El sacerdote se acercó y el guerrero depositó las pesadas hachas en sus endebles manos. Luego lo siguió mientras el capitán escupió el suelo y se desentendió del asunto.

─Recuerde mi señor que ellos se acercaron al cuerpo sin dar aviso

─Es lo que vi capitán, es lo que vi ─asintió el anciano llevándose al forajido  ─Entrégueme uno de sus guardias y que atestigüe eso mismo.

─¡Putrid!...ven aquí, acompaña al sacerdote y escolta al prisionero. Has todo lo que diga nuestro señor ─ordenó mientras le ponía una mano en el hombro y lo miraba fijo ─ ya sabes que decir en el consejo.
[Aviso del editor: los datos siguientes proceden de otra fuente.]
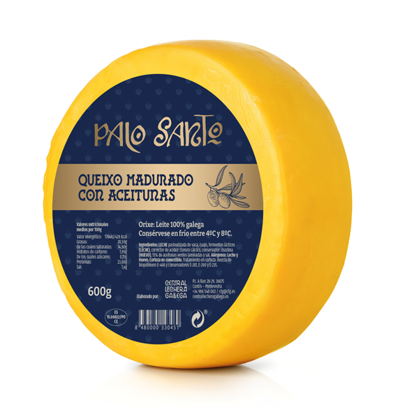 Palo Santo con aceitunas, es una fusión de nuestro queso artesanal semicurado elaborado con leche pasteurizada de vaca de Galicia y aceitunas gallegas,
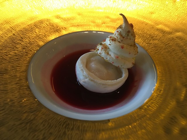 フォアグラチェリーのせ ハイビスカスソース どん!と出てくるフォアグラ。ちょっと量が多かったー

El guardia asintió resignado. Quería volver a su cama después de una guardia extenuante y se encontraba con este regalo de los dioses.
Putrid no era demasiado alto pero tenía su físico bien trabajado. Era lo suficientemente fornido como para que le dieran trabajo en el puerto de Verbogón cuando recién llegó pero la tarde que lo vieron luchar contra un pirata que intentó contrabandear ron su suerte estuvo sellada. Lo reclutaron para la guardia sagrada. No podía negarse. Mejor paga y la posibilidad de tener una espada sin necesidad de desenvainar jamás. La guerra no podía estar más lejos de Verbogón. O al menos eso creía.
El prisionero le llevaba una cabeza además de que parecía un hombre de mil combates y él apenas hacía una cosecha que había desembarcado allí desde Mediamar en busca de un mejor futuro. Huyó de la batalla encontrando algo de paz en Verbogón. Intentaba dejar atrás los horrores vividos. Pero la guerra es una dama celosa y jamás deja en paz a quienes elige, sean condenados a muerte o quienes escapan de ella. Siempre será la dama quien decida cuando es suficiente.